_PROBLEM TO SOLVE_
From the listing that follows, reproduce only the lines from the one holding "Massa branca, coberta" through the one holding "Margarita Zavala, afirma", both included, with no pictures.
┌────────
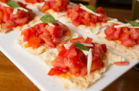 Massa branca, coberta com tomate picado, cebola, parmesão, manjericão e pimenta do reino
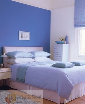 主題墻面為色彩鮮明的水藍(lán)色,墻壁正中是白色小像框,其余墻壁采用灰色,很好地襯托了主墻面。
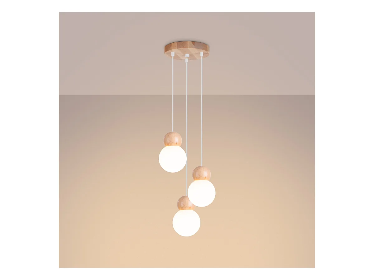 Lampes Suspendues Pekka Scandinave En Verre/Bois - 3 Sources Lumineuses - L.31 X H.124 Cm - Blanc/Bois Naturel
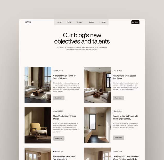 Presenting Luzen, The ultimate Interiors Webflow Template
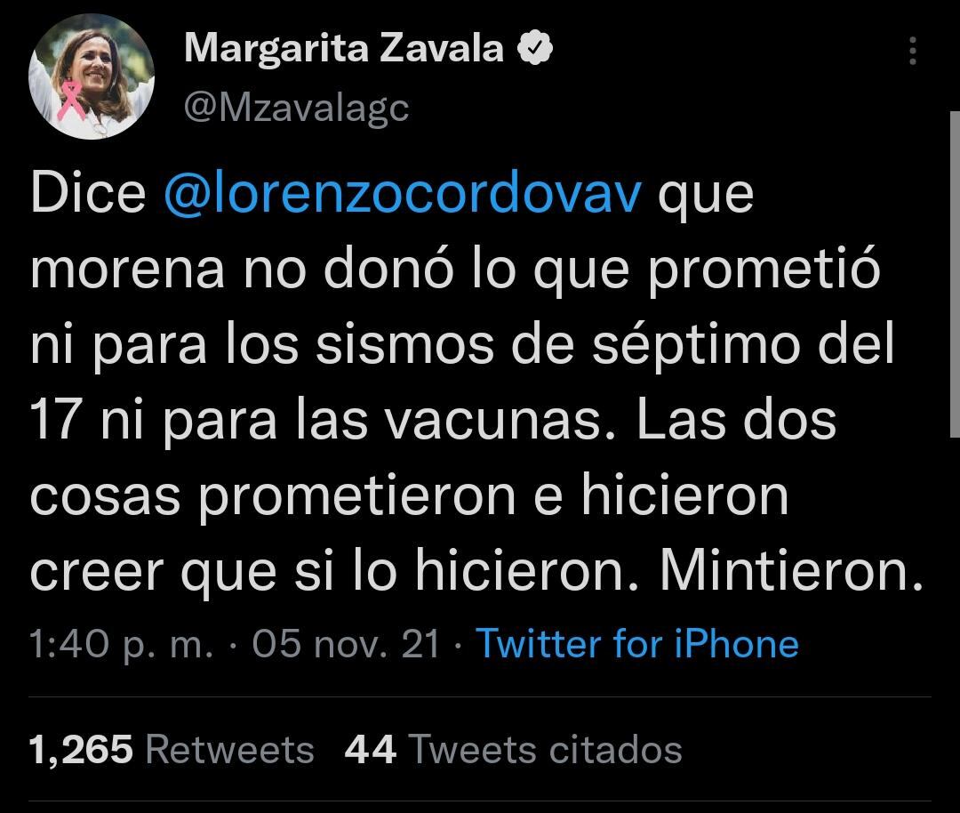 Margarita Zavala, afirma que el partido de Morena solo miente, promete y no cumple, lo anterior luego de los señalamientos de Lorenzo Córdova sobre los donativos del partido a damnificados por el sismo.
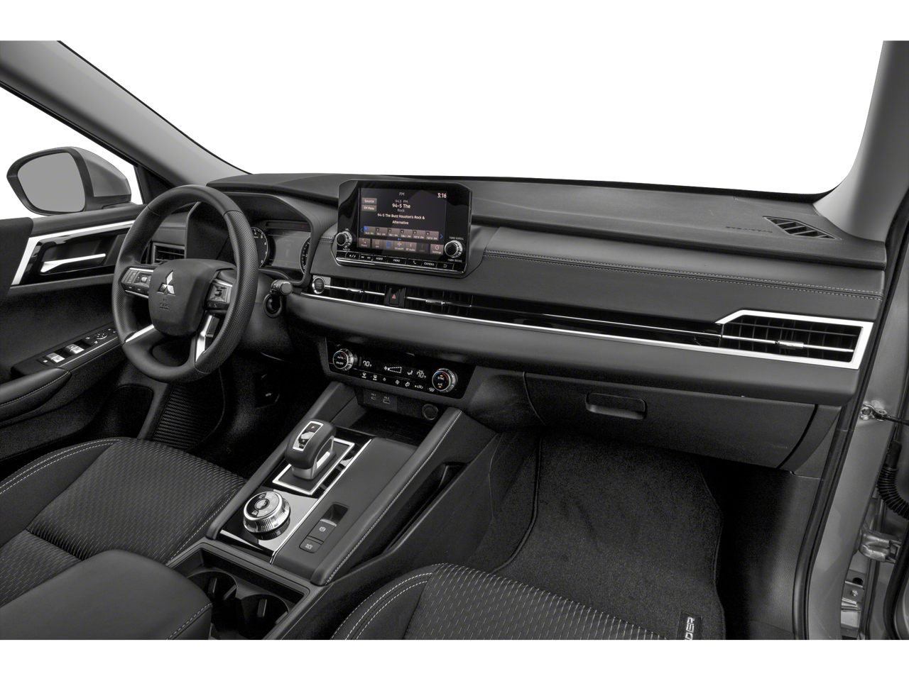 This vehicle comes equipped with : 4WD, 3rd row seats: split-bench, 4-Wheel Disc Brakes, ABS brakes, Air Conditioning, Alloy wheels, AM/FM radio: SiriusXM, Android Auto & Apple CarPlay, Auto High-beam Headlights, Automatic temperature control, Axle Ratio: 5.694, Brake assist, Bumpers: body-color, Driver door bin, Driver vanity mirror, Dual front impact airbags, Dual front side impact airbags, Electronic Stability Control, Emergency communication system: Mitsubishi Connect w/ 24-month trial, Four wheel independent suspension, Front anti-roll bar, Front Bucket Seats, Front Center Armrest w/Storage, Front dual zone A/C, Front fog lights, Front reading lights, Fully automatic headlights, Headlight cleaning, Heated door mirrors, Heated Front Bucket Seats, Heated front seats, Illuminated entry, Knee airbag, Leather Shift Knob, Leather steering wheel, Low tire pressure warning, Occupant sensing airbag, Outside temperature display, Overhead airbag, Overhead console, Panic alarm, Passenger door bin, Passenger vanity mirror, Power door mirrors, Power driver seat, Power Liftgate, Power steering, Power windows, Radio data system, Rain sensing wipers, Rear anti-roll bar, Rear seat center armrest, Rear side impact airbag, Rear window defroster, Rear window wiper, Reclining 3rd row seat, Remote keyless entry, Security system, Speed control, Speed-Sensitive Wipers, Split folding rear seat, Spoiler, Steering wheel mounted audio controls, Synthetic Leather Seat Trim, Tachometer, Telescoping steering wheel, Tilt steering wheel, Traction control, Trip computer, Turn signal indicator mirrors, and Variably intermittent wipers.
└────────
┌────────
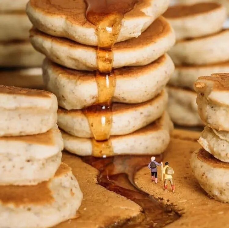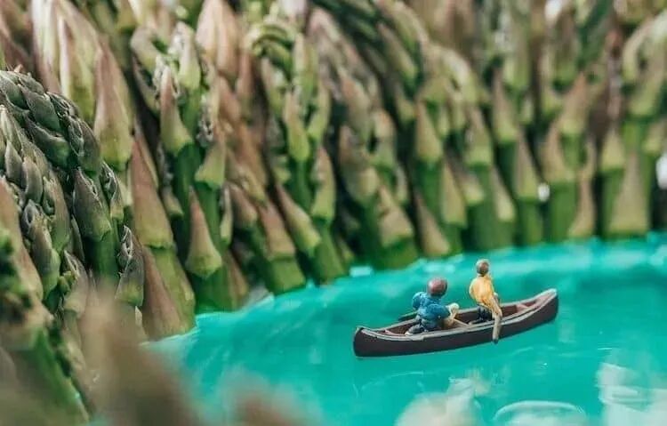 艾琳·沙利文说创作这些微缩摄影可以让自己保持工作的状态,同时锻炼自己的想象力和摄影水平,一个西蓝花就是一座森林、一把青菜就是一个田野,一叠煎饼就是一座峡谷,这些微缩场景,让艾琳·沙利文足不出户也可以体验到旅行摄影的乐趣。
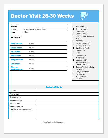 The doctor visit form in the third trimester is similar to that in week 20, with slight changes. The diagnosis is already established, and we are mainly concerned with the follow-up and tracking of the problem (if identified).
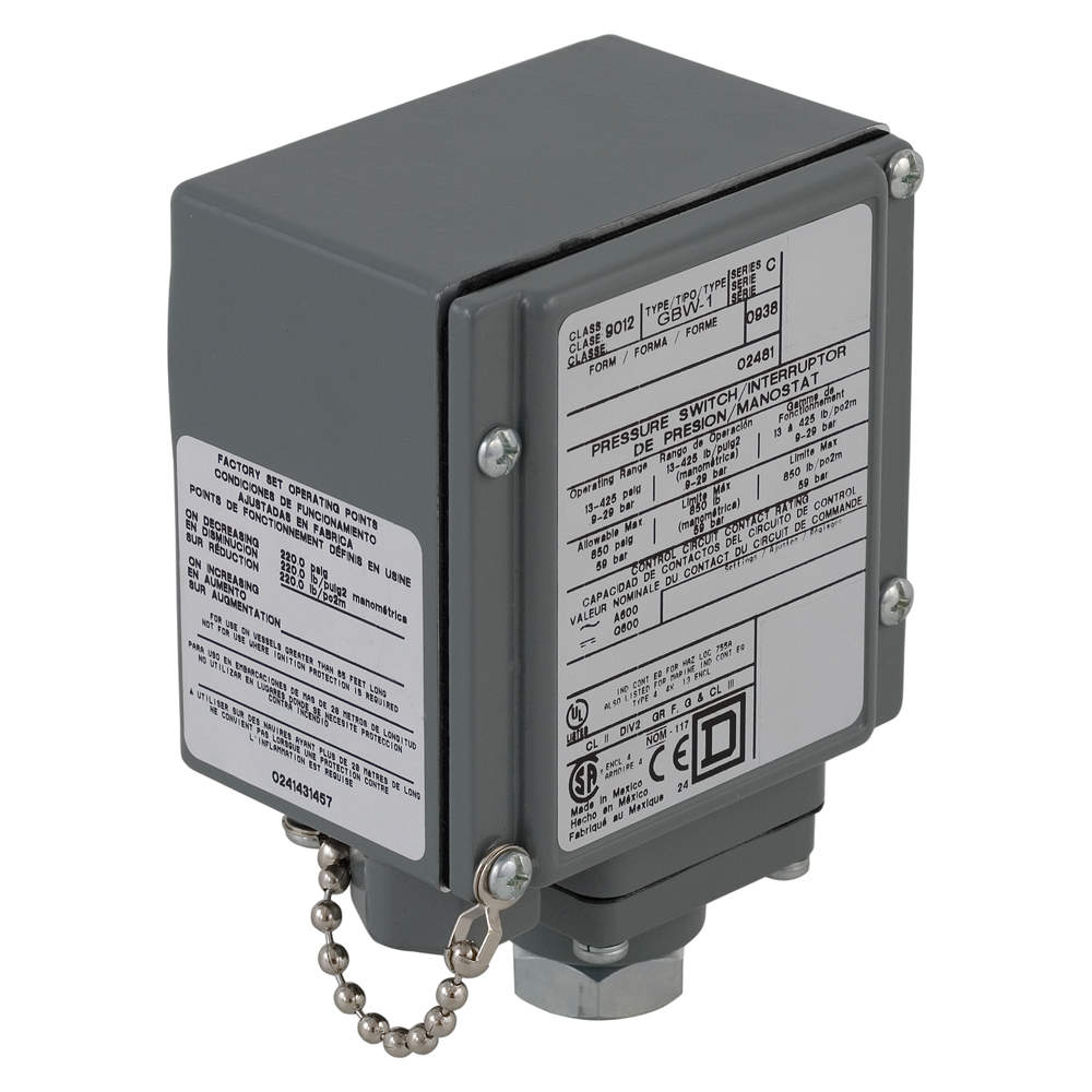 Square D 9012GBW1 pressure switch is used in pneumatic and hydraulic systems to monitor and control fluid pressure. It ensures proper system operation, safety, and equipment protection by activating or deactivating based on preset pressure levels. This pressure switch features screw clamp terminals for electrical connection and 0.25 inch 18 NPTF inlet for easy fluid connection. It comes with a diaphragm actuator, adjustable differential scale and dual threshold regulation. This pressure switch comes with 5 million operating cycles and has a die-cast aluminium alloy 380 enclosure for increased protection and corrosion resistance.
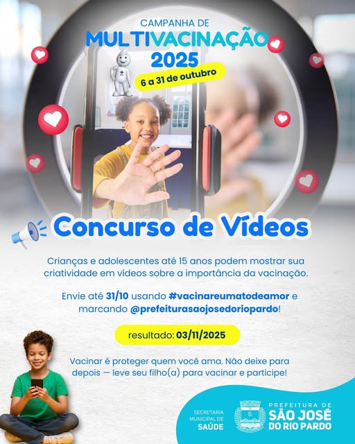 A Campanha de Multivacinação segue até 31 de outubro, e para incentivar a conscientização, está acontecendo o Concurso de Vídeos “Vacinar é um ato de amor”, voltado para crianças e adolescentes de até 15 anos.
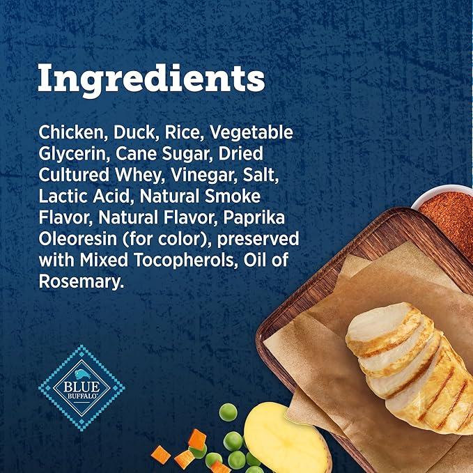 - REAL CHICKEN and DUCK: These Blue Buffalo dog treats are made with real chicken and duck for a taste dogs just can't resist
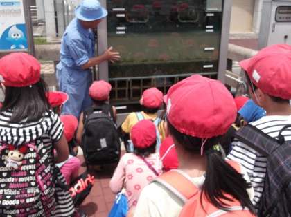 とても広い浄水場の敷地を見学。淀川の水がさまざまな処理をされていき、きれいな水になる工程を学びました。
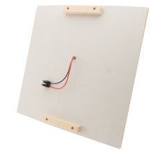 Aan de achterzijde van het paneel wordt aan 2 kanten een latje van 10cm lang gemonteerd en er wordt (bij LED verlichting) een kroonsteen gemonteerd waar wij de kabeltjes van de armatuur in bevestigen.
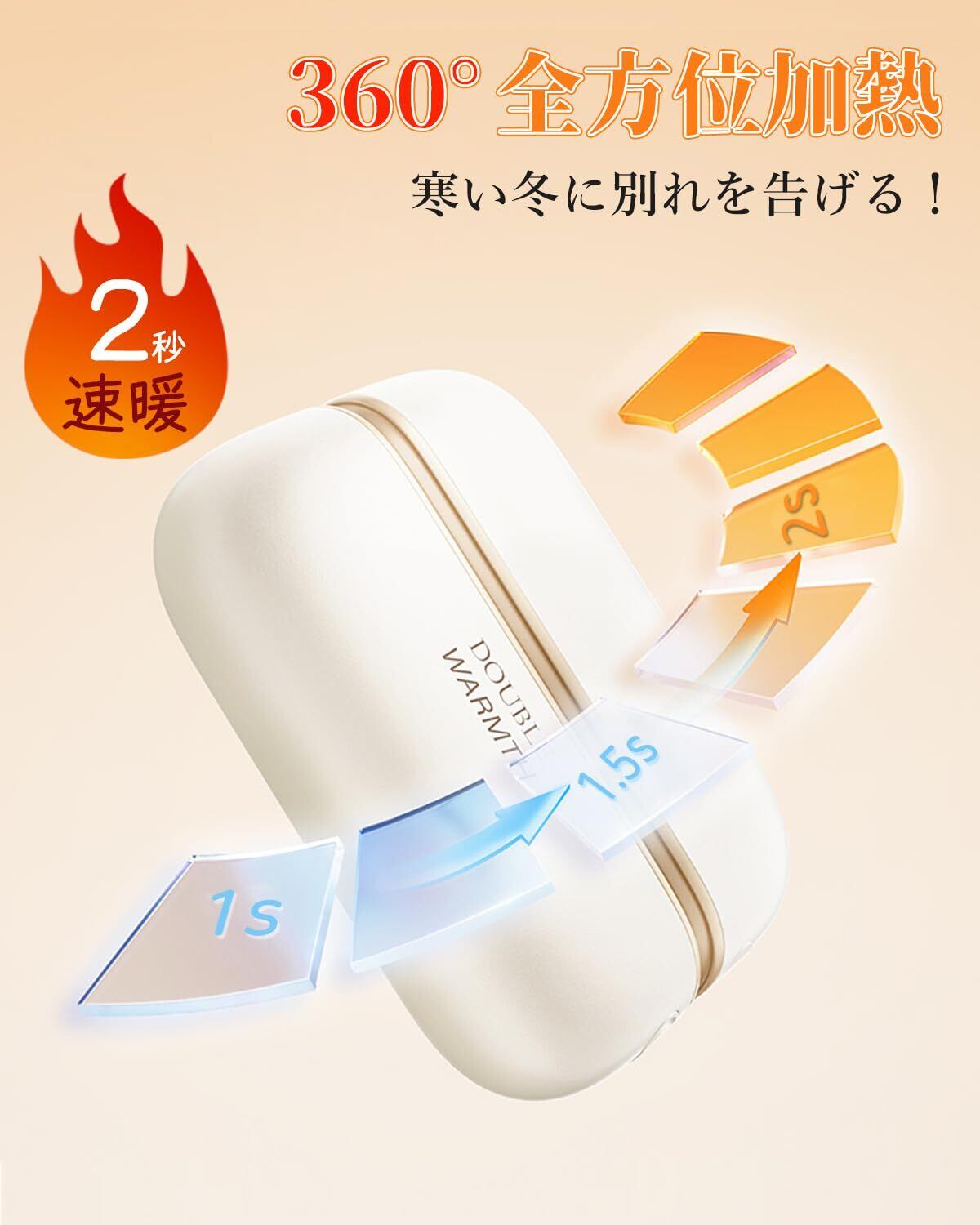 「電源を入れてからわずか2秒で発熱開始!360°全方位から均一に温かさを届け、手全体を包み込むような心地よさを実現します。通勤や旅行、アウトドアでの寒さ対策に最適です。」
└────────
_EXPECTED OUTPUT_
 Massa branca, coberta com tomate picado, cebola, parmesão, manjericão e pimenta do reino
 主題墻面為色彩鮮明的水藍(lán)色,墻壁正中是白色小像框,其余墻壁采用灰色,很好地襯托了主墻面。
 Lampes Suspendues Pekka Scandinave En Verre/Bois - 3 Sources Lumineuses - L.31 X H.124 Cm - Blanc/Bois Naturel
 Presenting Luzen, The ultimate Interiors Webflow Template
 Margarita Zavala, afirma que el partido de Morena solo miente, promete y no cumple, lo anterior luego de los señalamientos de Lorenzo Córdova sobre los donativos del partido a damnificados por el sismo.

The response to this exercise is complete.